As the deadline approached, he looked regularly in the letter-box for the tattooed message. He bound one of the boy-girl’s ankles, in spite of which, the sores continued escaping through the bandage.
By now he might have dispensed entirely with the original Kathy, if, on a steamy morning, he hadn’t believed he recognized her at a street crossing. Realizing at once that Katherine Volkov, actual or fictitious, was his overwhelming belief, he began scurrying bumping painting retching almost it was such a short green and all his fellow pedestrians equally determined or desperate: while Kathy sailed on, away.
She appeared leggier than before: long, burnished legs. As she ran, and propped, and ran, her eyes, of the same blazing blue, flashed a white warning from their corners; and what had been her starfish breasts were jolted into flesh.

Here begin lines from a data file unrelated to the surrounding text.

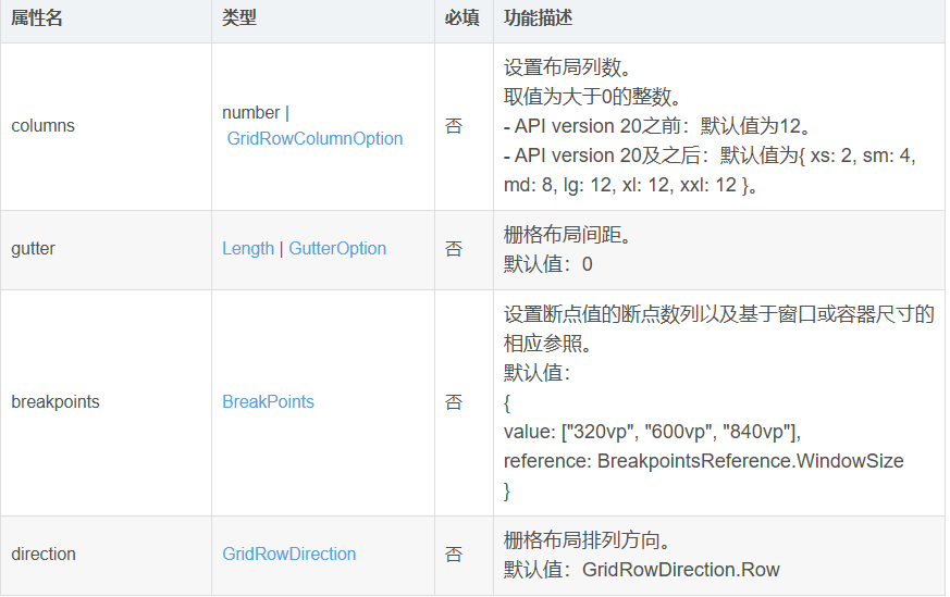 - API version 20及之后:默认值为{ xs: 2, sm: 4, md: 8, lg: 12, xl: 12, xxl: 12 }。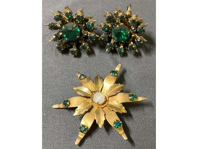 35 Gold-Tone Starburst Brooch and Clip-On Coro Earrings with Green and White Stones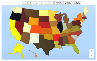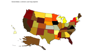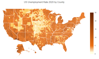 Demonstrates how to use external topoJSON and data files to generate a US counties choropleth map.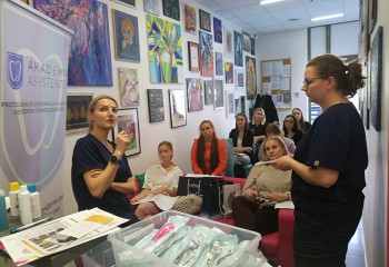 W dniu 29 maja 2022 r. słuchaczki naszej szkoły kształcące się w zawodzie higienistka stomatologiczna realizowały kurs pod nazwą "Rola higienistki stomatologicznej przy pacjencie implantoprotetcznym". Kurs przeprowadzony został przez "Akademię Asystentek" z Krakowa i miał na celu wzbogacenie umiejętności naszych słuchaczek pod względem obowiązków higienistki stomatlogicznej przy zabiegach stomatologicznych dotyczących implanoprotetyki. Kurs realizowany był w ramach finansowanego ze środków UE projektu "Modernizacja kształcenia zawodowego w Małopolsce II"

He ran after. Might have been caught in mid-stream by the red. Collided with a vast soft woman the impact made surprisingly hard. It stopped him calling out to Kathy. Fractured the intention at chest level. Almost winded. The woman was a laugher.

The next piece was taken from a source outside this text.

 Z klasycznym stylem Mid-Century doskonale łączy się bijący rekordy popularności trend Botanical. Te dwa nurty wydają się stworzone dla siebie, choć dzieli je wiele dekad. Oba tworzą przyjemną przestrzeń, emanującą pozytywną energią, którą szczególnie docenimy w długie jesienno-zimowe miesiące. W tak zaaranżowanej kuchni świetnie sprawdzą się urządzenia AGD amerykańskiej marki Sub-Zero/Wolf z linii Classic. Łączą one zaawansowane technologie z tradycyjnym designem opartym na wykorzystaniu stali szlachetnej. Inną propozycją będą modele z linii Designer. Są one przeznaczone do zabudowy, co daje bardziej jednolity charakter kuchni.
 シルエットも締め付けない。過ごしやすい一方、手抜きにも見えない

He scuttled on freakishly and caught up in a quiet street beside a church under some scorched planes.
‘Aren’t you Katherine Volkov?’ He heard his own, stupid giggle.

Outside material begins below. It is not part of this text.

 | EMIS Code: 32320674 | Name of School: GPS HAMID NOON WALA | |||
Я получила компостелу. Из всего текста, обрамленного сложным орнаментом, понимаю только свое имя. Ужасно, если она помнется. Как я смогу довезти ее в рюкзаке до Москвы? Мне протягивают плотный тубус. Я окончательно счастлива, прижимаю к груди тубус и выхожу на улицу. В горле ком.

‘Yes—Mr Duffield.’ She waited with a resigned politeness: he might have been a friend of her mother’s.
‘So you’re leaving,’ he blathered. ‘Perhaps we’ll see you at Flint Street before you go.’
Was his hat set too rakishly? She was looking embarrassed, perhaps sulking, at the pavement, a bundle of sheet music curving under her arm.
She said: ‘Yes, Mr Duffield,’ and smiled a rather thin smile.
‘You’ve altered, Kathy. You’ve grown. I almost didn’t recognize you.’ As silly as that: an old coot embarrassing children with obvious remarks; his hands looked scabby and freckled.
‘I’m fourteen in nine days’ time.’
A whole year.
Then a shower of music burst from under her arm, and he helped her gather up the sheets from the pavement. It saved them further embarrassment.
‘I must go now,’ she said; she had the music to return.
There was no reason why she shouldn’t look composed: their meeting had been an accident, not an assignation.
He took a street in an inconvenient direction, while remembering Sid Cupples, an old bloke from his boyhood who knew most of the reasons and answers. Sid had been thrown from a horse, and walked for ever after with a bent leg; it gave him a curious wishbone look: frail but resilient.
 
When he could bear it no longer, he didn’t ask, but told Rhoda: ‘The little Volkov must have left by now.’
‘Oh, no.’ Rhoda was smoothing a grey-white garment with an iron. ‘She’s leaving tomorrow evening. Pity it’s the evening. I shan’t be able to see her off.’ The act of ironing always seemed to soothe Rhoda. ‘I can’t very well abandon the cats again.’ Kathy, as self-sufficient as a cat, would barely notice. ‘A long journey for a young girl—on her own—at night.’ Rhoda’s iron felt its way tentatively.
He realized she was ironing a little nightgown of such antiquity she might have worn it as a young girl. It was trimmed with scallops of torn lace, grubby with age, or night journeys.